Déjà bousculé sur Paris-Lyon-Milan par l’opérateur italien Trenitalia depuis décembre 2021, Jean-Pierre Farandou, le PDG de la compagnie française, fait mine d’être serein, mais il ne prend pas la menace à la légère, surveillant de près l’équilibre économique du TGV, aujourd’hui principale source de rentabilité de l’entreprise.
Si les bénéfices de cette branche sont au rendez-vous, c’est en effet grâce à quelques lignes très rentables. En tête, il y a les liaisons internationales, qui partent de Paris vers Bruxelles, Cologne, Londres, Amsterdam, Barcelone, Francfort. Il y a aussi des liaisons domestiques : de Paris vers Lyon, Marseille, Colmar ou Strasbourg. D’autres sont moins profitables mais tout de même bénéficiaires, comme Paris-Lille, Calais (Pas-de-Calais) ou Dunkerque (Nord). Beaucoup d’autres, en revanche, coûtent de l’argent à la SNCF.
Jean-Pierre Farandou le dit souvent : six TGV sur dix ne sont pas rentables en France. Les « vaches à lait » compensent les « foyers de perte », mais pour combien de temps encore ? Car lorsqu’on ouvre un marché à la concurrence, les nouveaux acteurs ne se précipitent pas pour faire rouler leurs trains sur les destinations déficitaires.

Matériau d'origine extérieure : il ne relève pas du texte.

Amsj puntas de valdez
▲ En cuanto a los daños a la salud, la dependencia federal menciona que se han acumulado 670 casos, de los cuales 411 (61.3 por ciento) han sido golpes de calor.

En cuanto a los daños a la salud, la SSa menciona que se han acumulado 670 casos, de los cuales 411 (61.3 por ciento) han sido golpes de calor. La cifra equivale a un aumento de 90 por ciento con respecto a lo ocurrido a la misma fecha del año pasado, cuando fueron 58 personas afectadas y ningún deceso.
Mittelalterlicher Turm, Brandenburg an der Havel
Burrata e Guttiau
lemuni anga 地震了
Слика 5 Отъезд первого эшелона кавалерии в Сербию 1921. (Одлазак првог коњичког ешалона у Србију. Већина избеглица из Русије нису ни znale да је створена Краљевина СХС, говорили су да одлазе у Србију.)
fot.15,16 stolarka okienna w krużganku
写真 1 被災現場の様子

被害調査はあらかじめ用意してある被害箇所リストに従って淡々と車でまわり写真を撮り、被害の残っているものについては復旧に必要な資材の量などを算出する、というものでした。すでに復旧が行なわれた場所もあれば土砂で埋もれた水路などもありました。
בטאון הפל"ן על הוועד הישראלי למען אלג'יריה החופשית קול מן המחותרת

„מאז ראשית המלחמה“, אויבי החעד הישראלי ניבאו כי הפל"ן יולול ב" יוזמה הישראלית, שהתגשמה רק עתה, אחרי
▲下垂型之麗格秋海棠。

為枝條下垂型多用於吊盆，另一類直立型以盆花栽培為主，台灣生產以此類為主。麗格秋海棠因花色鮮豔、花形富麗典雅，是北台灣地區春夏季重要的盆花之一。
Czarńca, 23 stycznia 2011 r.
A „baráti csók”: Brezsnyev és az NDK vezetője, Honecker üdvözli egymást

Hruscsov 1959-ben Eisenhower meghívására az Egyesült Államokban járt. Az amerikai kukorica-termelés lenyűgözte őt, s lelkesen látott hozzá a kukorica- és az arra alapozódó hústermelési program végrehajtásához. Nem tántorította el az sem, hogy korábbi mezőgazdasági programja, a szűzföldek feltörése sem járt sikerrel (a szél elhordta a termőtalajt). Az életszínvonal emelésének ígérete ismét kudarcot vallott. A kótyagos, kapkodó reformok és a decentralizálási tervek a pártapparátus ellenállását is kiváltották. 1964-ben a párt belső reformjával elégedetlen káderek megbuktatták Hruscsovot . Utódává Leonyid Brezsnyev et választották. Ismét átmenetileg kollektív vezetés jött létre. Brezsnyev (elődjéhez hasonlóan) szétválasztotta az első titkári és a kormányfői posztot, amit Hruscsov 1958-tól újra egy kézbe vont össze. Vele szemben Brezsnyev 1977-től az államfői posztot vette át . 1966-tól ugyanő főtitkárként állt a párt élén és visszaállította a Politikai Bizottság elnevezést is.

Tous veulent leur part du gâteau profitable, qui, de ce fait, le devient un peu moins.
Pas subventionné par l’Etat
Dans ses prévisions, la SNCF s’attend donc à être fortement attaquée sur ces marchés : la concurrence pourrait prendre un petit tiers du trafic Paris-Lyon ou du Paris-Bruxelles d’ici à 2032 ou un quart du Paris-Londres.

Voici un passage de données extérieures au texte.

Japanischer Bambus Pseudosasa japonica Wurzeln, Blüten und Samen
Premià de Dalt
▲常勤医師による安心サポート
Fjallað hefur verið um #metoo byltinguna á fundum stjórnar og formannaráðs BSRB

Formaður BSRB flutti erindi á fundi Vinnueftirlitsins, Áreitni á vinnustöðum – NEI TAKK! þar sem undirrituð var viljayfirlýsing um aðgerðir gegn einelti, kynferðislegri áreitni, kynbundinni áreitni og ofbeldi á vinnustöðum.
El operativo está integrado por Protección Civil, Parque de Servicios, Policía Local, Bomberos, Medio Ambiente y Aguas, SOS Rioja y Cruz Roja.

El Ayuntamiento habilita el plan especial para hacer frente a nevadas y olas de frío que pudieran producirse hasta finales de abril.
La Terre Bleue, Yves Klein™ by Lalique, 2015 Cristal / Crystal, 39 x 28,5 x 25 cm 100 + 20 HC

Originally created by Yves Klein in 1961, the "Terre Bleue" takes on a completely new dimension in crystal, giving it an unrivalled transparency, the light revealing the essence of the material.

Elle ne voit en revanche personne s’intéresser au Paris-Bordeaux, même si les trains sont pleins, car le coût du péage pour emprunter le tronçon entre Tours et Bordeaux est tel que l’exploitation n’est pas rentable ; il a été construit en concession par Vinci, la Caisse des dépôts et les fonds d’investissement Meridiam et Ardian. Pas de concurrent annoncé non plus sur le Paris-La Rochelle, le Paris-Dijon ou le Paris-Arras, lignes déficitaires.

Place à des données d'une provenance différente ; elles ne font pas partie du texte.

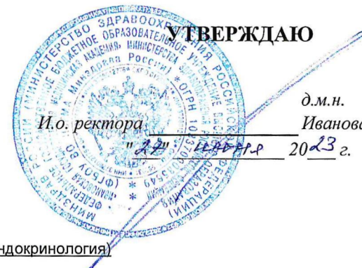
График одобрен Ученым советом вуза Протокол № 8 от 27.06.2023
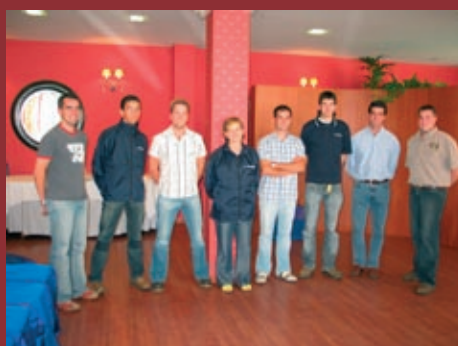
Mestres do Curso e premiados.
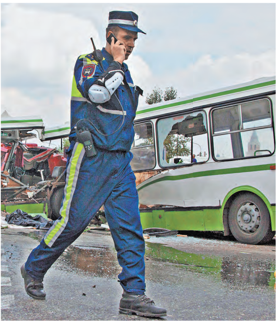
От автосалона до аварии: почему автобусы-красавцы превращаются в «смерть на колесах»?
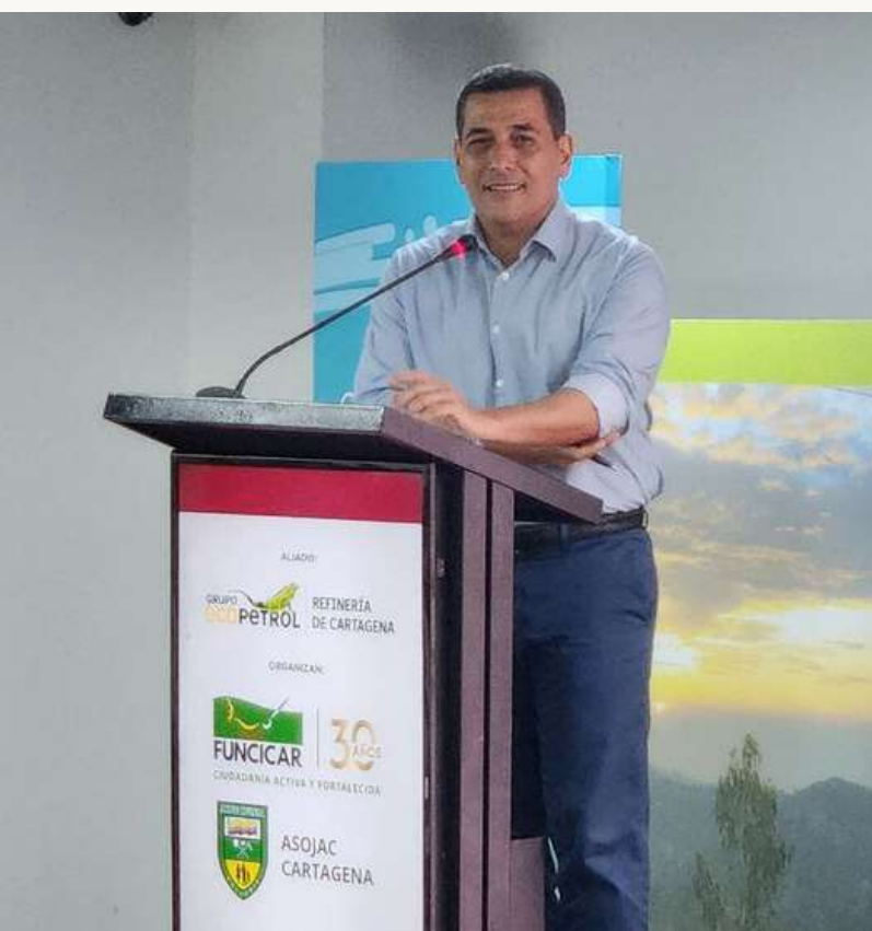
Palabras del alcalde electo, Dumek Turbay Paz
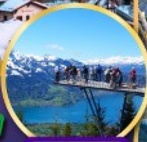
ยอดเขา ฮาร์เตอร์คลุม
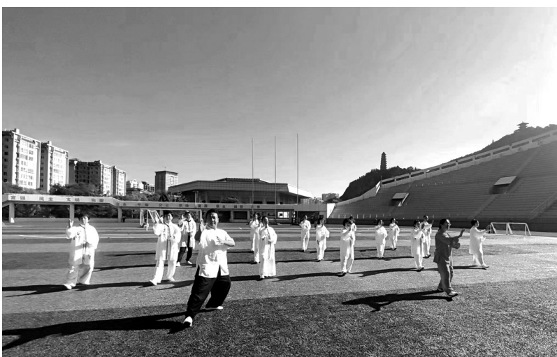
● 群众在延安体育场进行太极拳健身运动

积极发挥各级领导机构作用。进一步强化党对全民健身工作的领导,发挥各级人民政府全民健身工作议事协调机构作用,加强对制约全民健身工作的重难点问题研究,督促县(市、区)、市级有关部门贯彻会议的决策部署和全民健身工作有关政策的推动落实,开展评估和报告工作。各级全民健身工作议事协调机构的成员单位,要落实国家关于全民健身的政策措施,在职责范围内全力保障全民健身事业发展。对在全民健身工作中作出突出贡献的组织和个人,按照有关规定给予表彰、奖励,形成政府主导、部门协同、全社会共同参与的全民健身良好工作局面。

A la différence des TER ou des trains intercités, le train à grande vitesse en France n’est pas subventionné par l’Etat. C’est une activité ouverte à la concurrence. SNCF Réseau, la filiale qui gère les rails et les sillons ferroviaires, doit mettre l’infrastructure à disposition de tous les opérateurs. Les premières années d’arrivée sur le marché, ils peuvent même demander une ristourne, ce que n’a pas manqué de faire Trenitalia (qui a obtenu un rabais de 37 % pour son exercice inaugural). Selon nos informations, Renfe négocie à son tour durement avec SNCF Réseau, qui a tenté de résister mais a dû se résoudre, sous la pression des avocats de l’espagnol, à ouvrir les discussions.